Top of Given data
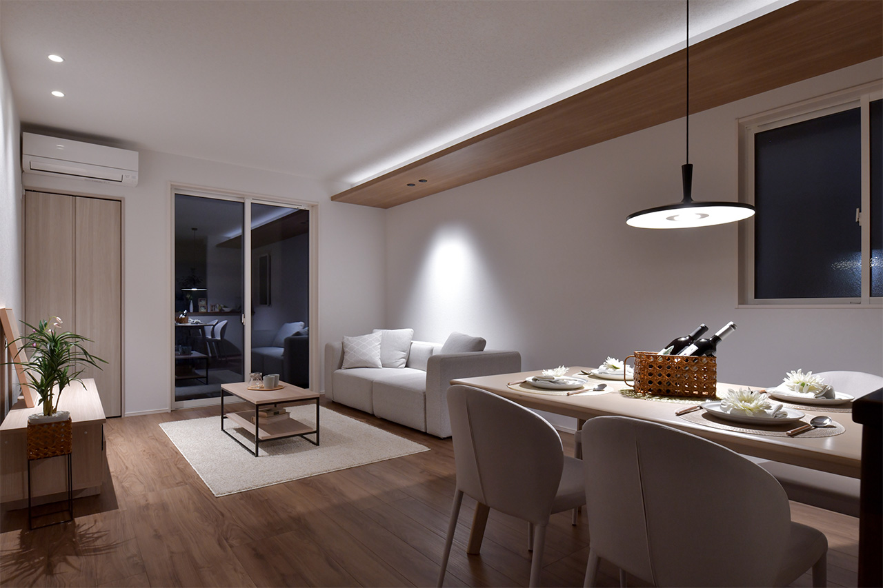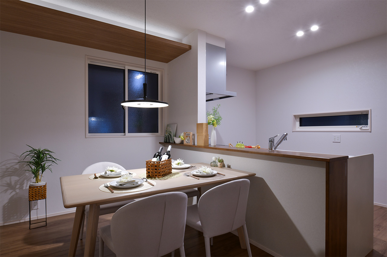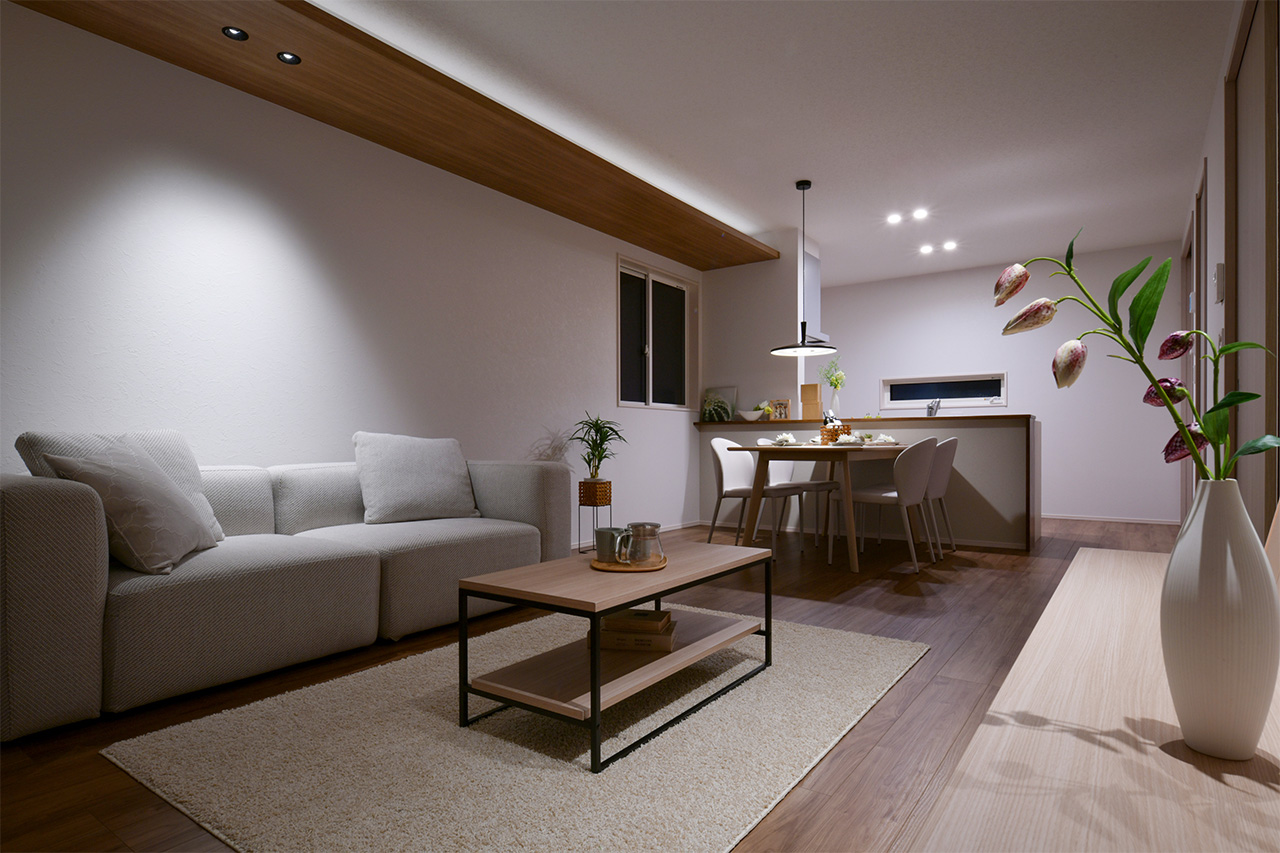 リビングやキッチンの天井に設えた間接照明。やわらかで幻想的な光の演出が、空間を落ち着いた雰囲気に包んでくれます。ご家族の特別な日のサプライズや照明を活かしたインテリアコーディネートなど暮らしに楽しさをプラス。居心地を高め、深める空間プランニングです。
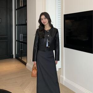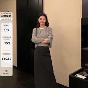 pusumede黑色高腰半身裙女高级感修身气质直筒开叉西装裙子包臀裙
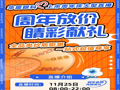 直播預(yù)告來襲!華廈眼科上市周年慶盛大開啟,更多好物大放價(jià),我們11月25日晚不見不散哦!
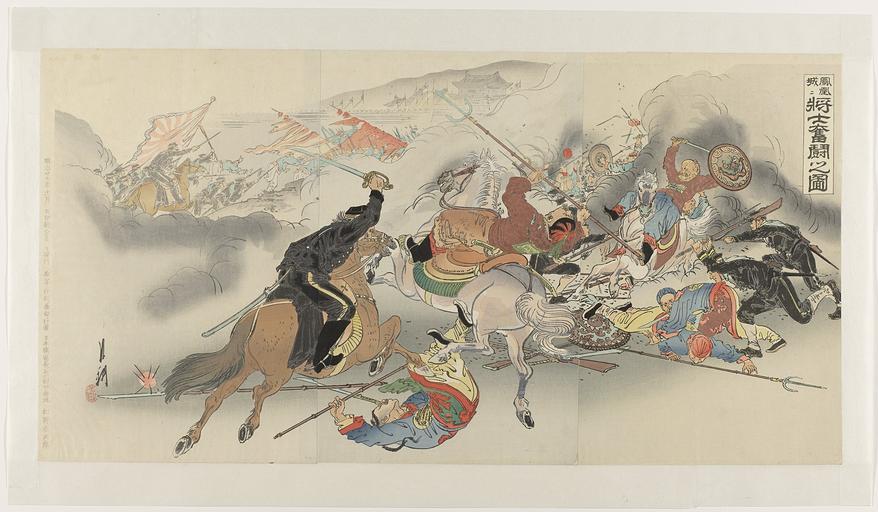 Keywords: De moeizame strijd bij Feng Huang Cheng-Rijksmuseum RP-P-2010-310-59.jpeg accession number RP-P-2010-310-59 Ogata GekkôOgata Gekkô died 1920; Matsuno Yonejirô credit line nl In een rokerig gevecht verslaan Japanse soldaten de Chinezen De echte slag was feitelijk ten noorden van de stad Feng Huang Cheng De Japanners waren van plan de stad over te nemen maar op 29 oktober 1894 verlieten de inwoners de stad en staken haar in brand De campagne in Mantsjoerije vond plaats in de maand oktober tijdens de Eerste Chinees-Japanse Oorlog 1894-1895 Label Line mentioned on object Ogata Gekkô 1859 - 1920 1894 kleurenhoutsnede; blinddruk; lijnblok in zwart met kleurblokken; polijsten Collection prenten; Japan collectie blad Height mm 371 Width mm 723 exhibition history paper object history Acquisition 2009-10-13 object type prent PD-US PD-old Data and photography rights All data and all images made available through the API are either in the public domain or are subject to a CC0 license https //www rijksmuseum nl/en/api/terms-and-conditions-of-use cc-zero place of creation Japan http //www rijksmuseum nl/collectie/RP-P-2010-310-59 http //hdl handle net/10934/RM0001 COLLECT 489990 handle De moeizame strijd bij Feng Huang Cheng Uploaded with GWToolset Rijksmuseum RP-P-2010-310-59 http //www rijksmuseum nl/media/assets/RP-P-2010-310-59 Images uploaded by Fæ Images from the Rijksmuseum Japanese 19th-century prints in the Rijksmuseum Amsterdam |
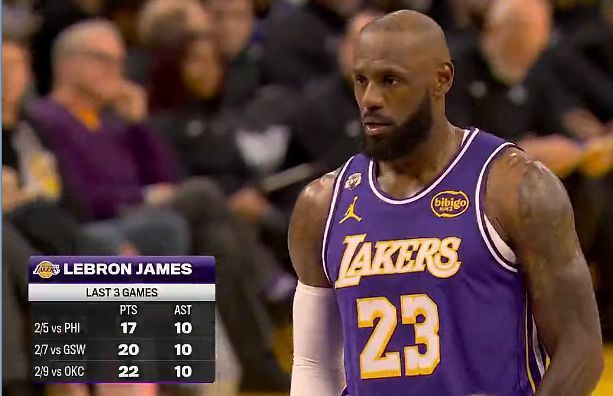 41岁的詹姆斯连续4场比赛助攻上双,超越斯托克顿创NBA历史40岁或以上球员,历史最长连续助攻上双纪录。
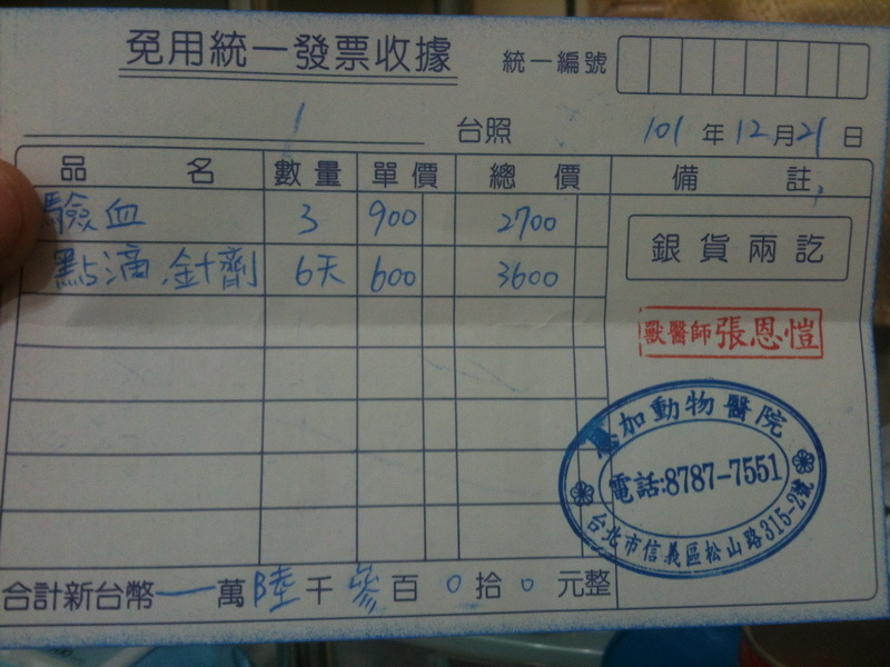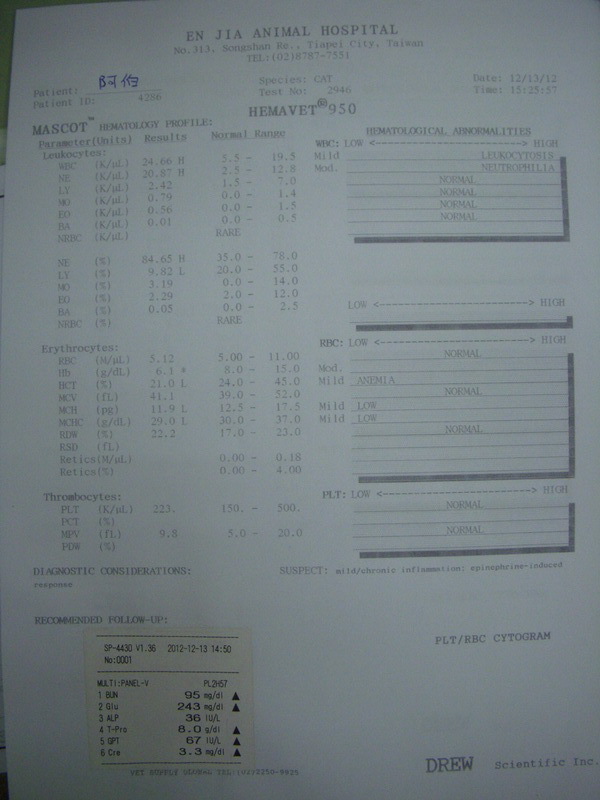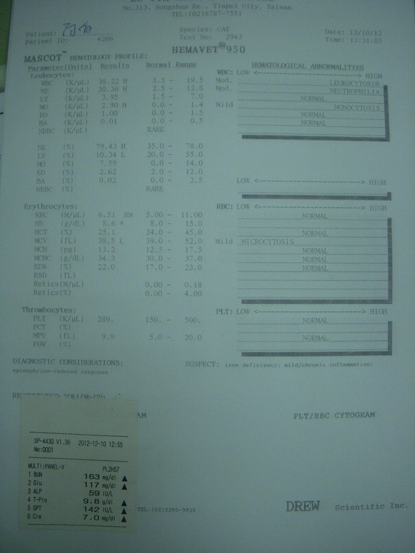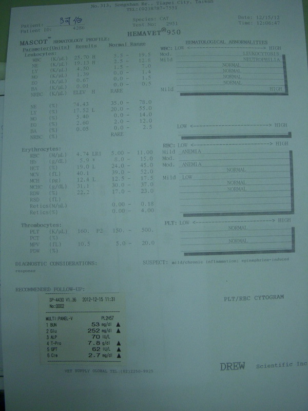主題: 路倒血尿的白底虎斑 申請者姓名: 林素蘭 花色: 申請日期: 2012-12-22 14:51:25 申請者部落格: 申請者臉書網址: 所在縣市/合作醫院: 台北市/恩加動物醫院 治療費用: 3150元 需求人數: 7人 已結案 (2013-08-06 13:46:06) 報名人員: Uu、火鳳貍(已付款)、wanshi-lai(已付款)、徐雅嬪(已付款)、CrystalBall(已付款)、Bubu Wang(已付款)、黃先生、Miko Tseng、許炫宇(已付款)、hero178(已付款)、 候補人員: 動物病情說明: 發現一隻白底虎斑路倒,聯絡送醫後觀察有血尿的狀況,原以為只需要投抗生素治療就好,兩三天未見改善,進一步血檢發現是腎衰竭,上點滴和抗生素治療,現在比較穩定,已帶回照顧,慢性病自費50%的費用,申請醫助3150元,還請各位幫幫忙。
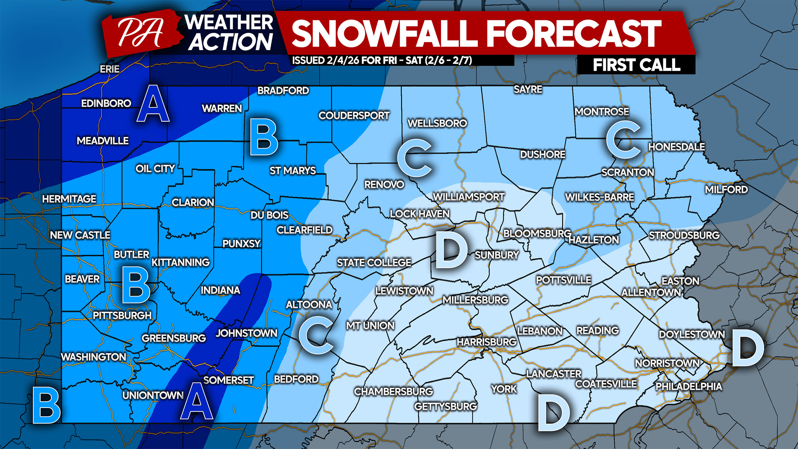 Light snow will begin around sunrise Friday morning in Western PA before slowly making its way into Central PA by the early afternoon. In Eastern PA, patchy light snow will reach the area by dinnertime Friday. Highest snowfall rates will be up to a half-inch per hour in Western PA and a quarter-inch per hour in Central and Eastern PA.
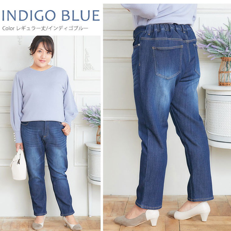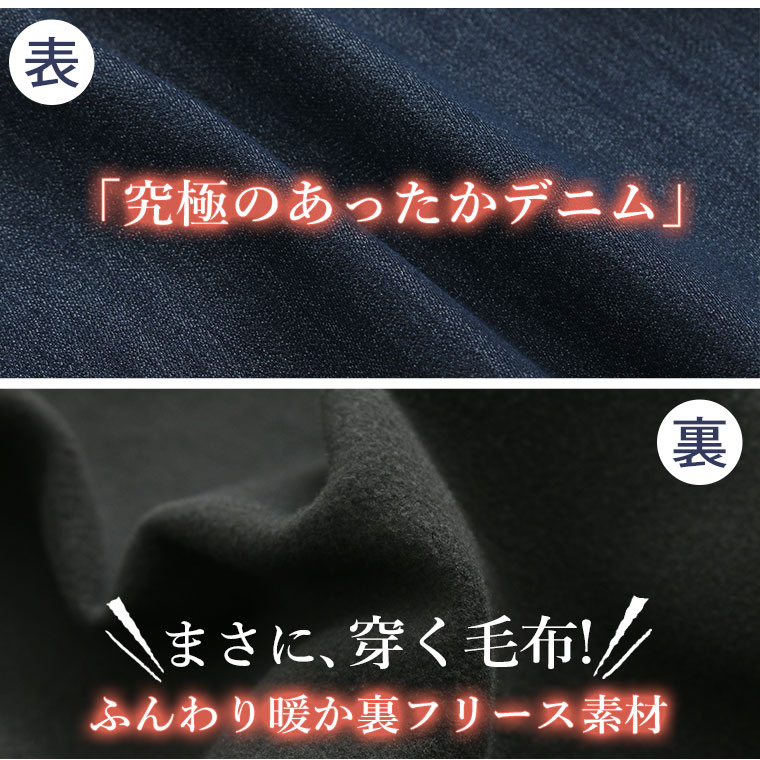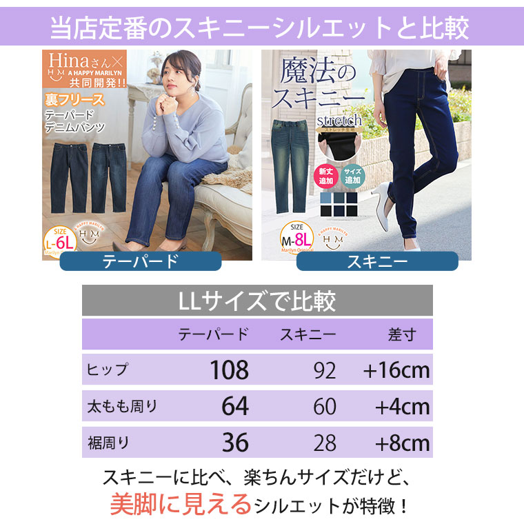 大きいサイズ 【Hinaさんコラボ】 防寒暖か 裏フリース テーパードデニムパンツ【ストレッチ】【骨格ウェーブ】 【骨格ストレート】 【骨格ナチュラル】
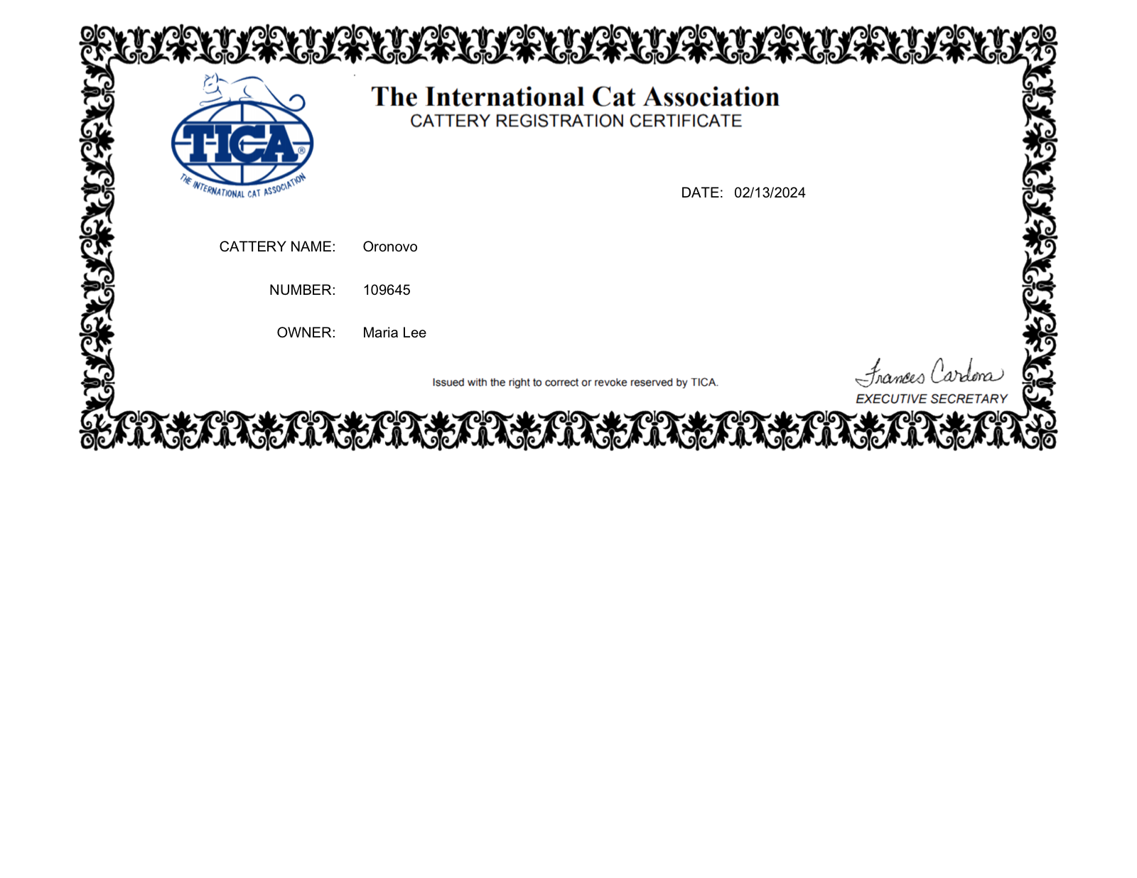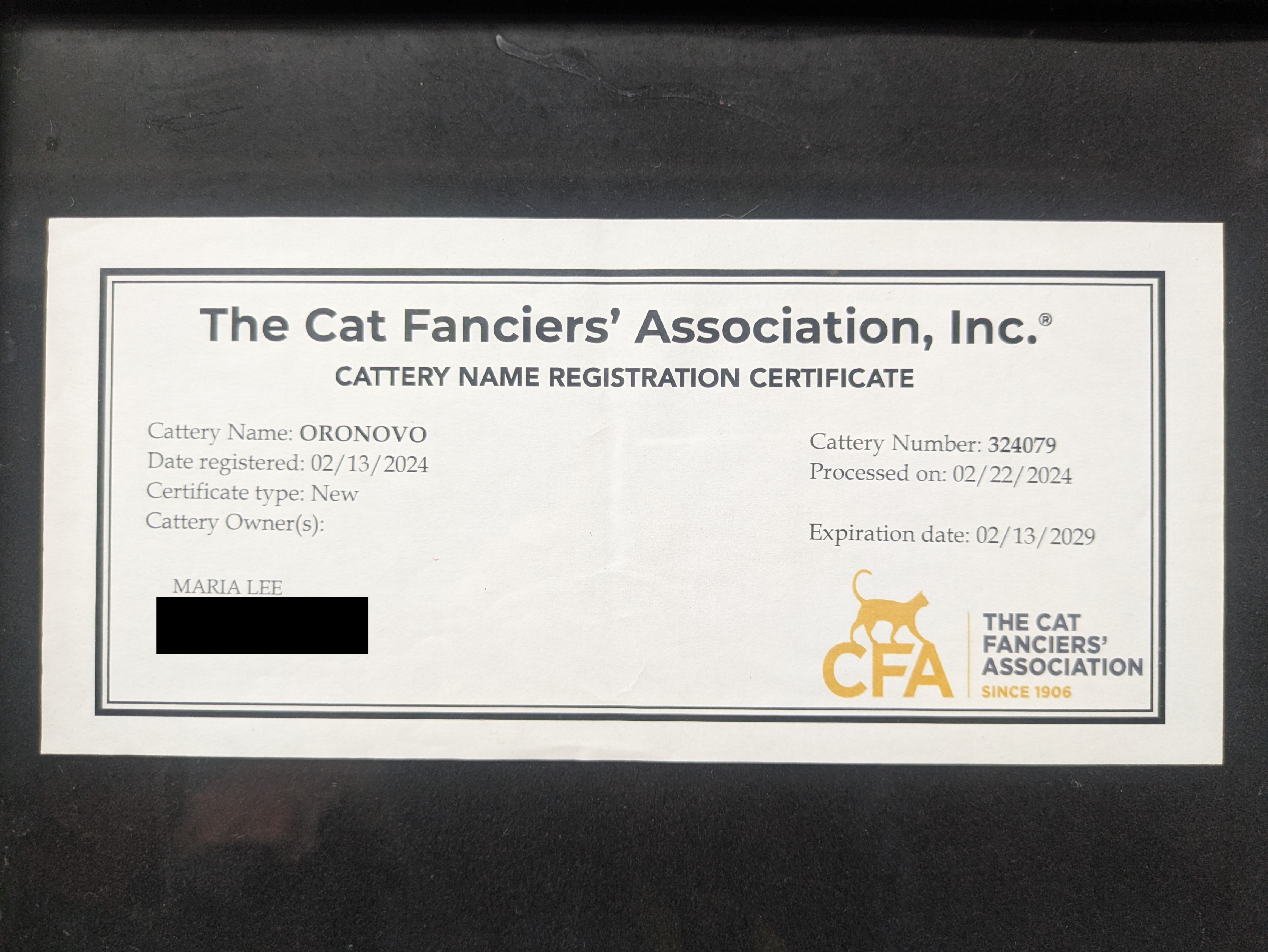 All Oronovo kittens are registered with TICA (The International Cat Association). Oronovo is a registered cattery with both TICA and CFA (Cat Fanciers' Association). Our breeding cats carry verified Italian pedigrees through ANFI/FIFe and AGI/WCF.
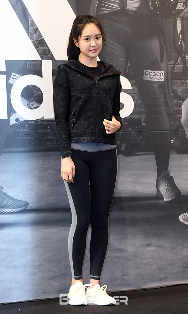 에이핑크 손나은이 17일 오후 서울 강남구 역삼동 아디다스 강남 브랜드 센터에서 열린 ‘윤성빈, 원윤종, 서영우, 에이핑크 손나은과 함께하는 특별한 만남’ 행사에 참석해 포즈를 취하고 있다.
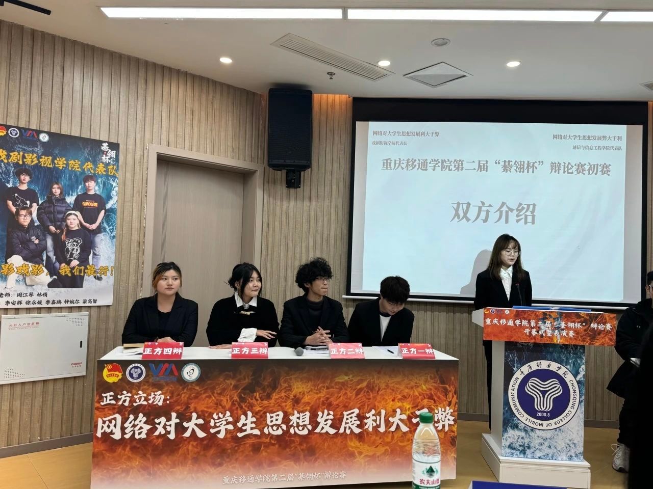 初赛环节,戏剧影视学院对阵通信与信息工程学院,戏剧影视学院辩题是“网络对大学生思想发展利大于弊”。开篇立论便条分缕析地阐述网络为大学生带来的诸多益处。网络上学术资源应有尽有,各类在线课程打破了学习的时空界限,让大学生能接触到顶尖教育资源,极大地拓宽了知识视野。反方通信与信息工程学院指出网络信息良莠不齐,虚假新闻、低俗内容充斥其中,大学生缺乏辨别力,极易被误导,致使价值观扭曲。双方你来我往,精彩绝伦,最终戏剧影视学院成功晋级半决赛。
Bottom of Given data
Assigned task
Take the line that contains "主題: 路倒血尿的白底虎斑 申請者姓名: 林素蘭" and all lines after it to the end of the material above, and copy them verbatim without any images.

Written answer
主題: 路倒血尿的白底虎斑 申請者姓名: 林素蘭 花色: 申請日期: 2012-12-22 14:51:25 申請者部落格: 申請者臉書網址: 所在縣市/合作醫院: 台北市/恩加動物醫院 治療費用: 3150元 需求人數: 7人 已結案 (2013-08-06 13:46:06) 報名人員: Uu、火鳳貍(已付款)、wanshi-lai(已付款)、徐雅嬪(已付款)、CrystalBall(已付款)、Bubu Wang(已付款)、黃先生、Miko Tseng、許炫宇(已付款)、hero178(已付款)、 候補人員: 動物病情說明: 發現一隻白底虎斑路倒,聯絡送醫後觀察有血尿的狀況,原以為只需要投抗生素治療就好,兩三天未見改善,進一步血檢發現是腎衰竭,上點滴和抗生素治療,現在比較穩定,已帶回照顧,慢性病自費50%的費用,申請醫助3150元,還請各位幫幫忙。
 Light snow will begin around sunrise Friday morning in Western PA before slowly making its way into Central PA by the early afternoon. In Eastern PA, patchy light snow will reach the area by dinnertime Friday. Highest snowfall rates will be up to a half-inch per hour in Western PA and a quarter-inch per hour in Central and Eastern PA.
 大きいサイズ 【Hinaさんコラボ】 防寒暖か 裏フリース テーパードデニムパンツ【ストレッチ】【骨格ウェーブ】 【骨格ストレート】 【骨格ナチュラル】
 All Oronovo kittens are registered with TICA (The International Cat Association). Oronovo is a registered cattery with both TICA and CFA (Cat Fanciers' Association). Our breeding cats carry verified Italian pedigrees through ANFI/FIFe and AGI/WCF.
 에이핑크 손나은이 17일 오후 서울 강남구 역삼동 아디다스 강남 브랜드 센터에서 열린 ‘윤성빈, 원윤종, 서영우, 에이핑크 손나은과 함께하는 특별한 만남’ 행사에 참석해 포즈를 취하고 있다.
 初赛环节,戏剧影视学院对阵通信与信息工程学院,戏剧影视学院辩题是“网络对大学生思想发展利大于弊”。开篇立论便条分缕析地阐述网络为大学生带来的诸多益处。网络上学术资源应有尽有,各类在线课程打破了学习的时空界限,让大学生能接触到顶尖教育资源,极大地拓宽了知识视野。反方通信与信息工程学院指出网络信息良莠不齐,虚假新闻、低俗内容充斥其中,大学生缺乏辨别力,极易被误导,致使价值观扭曲。双方你来我往,精彩绝伦,最终戏剧影视学院成功晋级半决赛。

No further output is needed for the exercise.